### Prompt
Output every line of the material exactly, omitting images.

### Given information

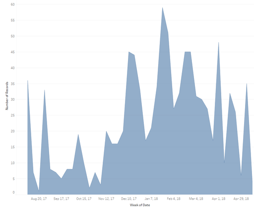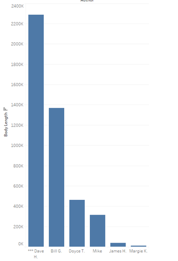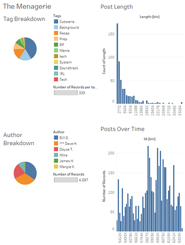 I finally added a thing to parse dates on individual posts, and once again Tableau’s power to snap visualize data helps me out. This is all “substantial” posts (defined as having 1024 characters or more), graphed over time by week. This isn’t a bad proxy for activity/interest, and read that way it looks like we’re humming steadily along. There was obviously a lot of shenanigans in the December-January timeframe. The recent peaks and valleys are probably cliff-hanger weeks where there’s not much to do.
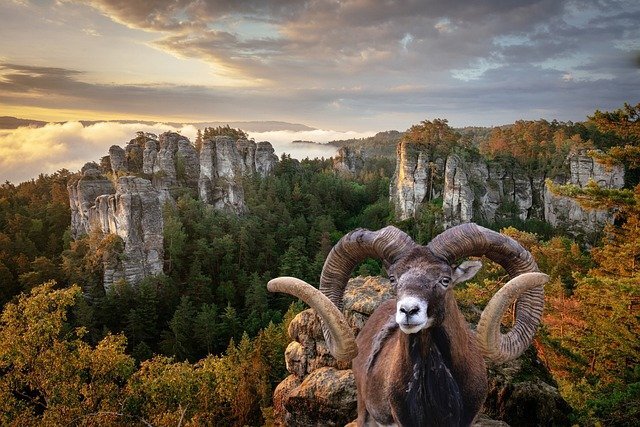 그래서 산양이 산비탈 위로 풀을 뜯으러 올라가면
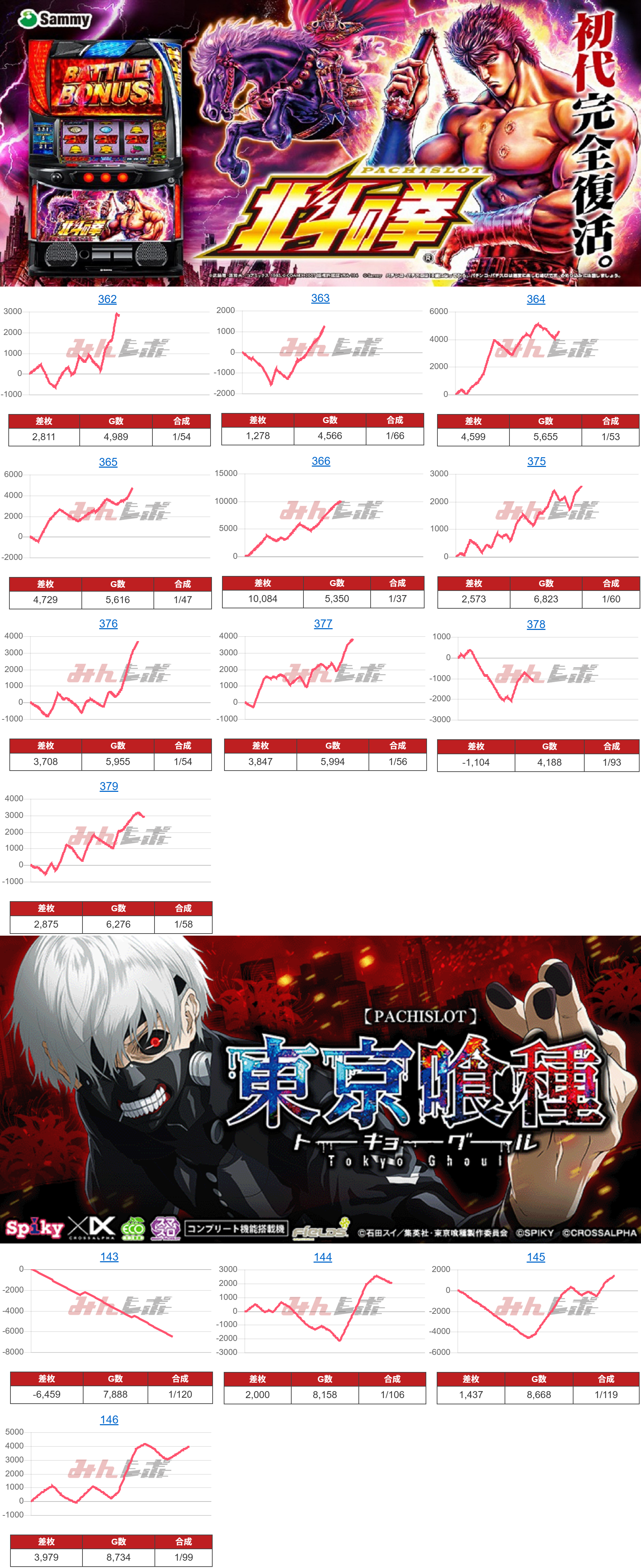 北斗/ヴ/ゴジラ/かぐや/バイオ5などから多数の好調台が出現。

### Answer space
 I finally added a thing to parse dates on individual posts, and once again Tableau’s power to snap visualize data helps me out. This is all “substantial” posts (defined as having 1024 characters or more), graphed over time by week. This isn’t a bad proxy for activity/interest, and read that way it looks like we’re humming steadily along. There was obviously a lot of shenanigans in the December-January timeframe. The recent peaks and valleys are probably cliff-hanger weeks where there’s not much to do.
 그래서 산양이 산비탈 위로 풀을 뜯으러 올라가면
 北斗/ヴ/ゴジラ/かぐや/バイオ5などから多数の好調台が出現。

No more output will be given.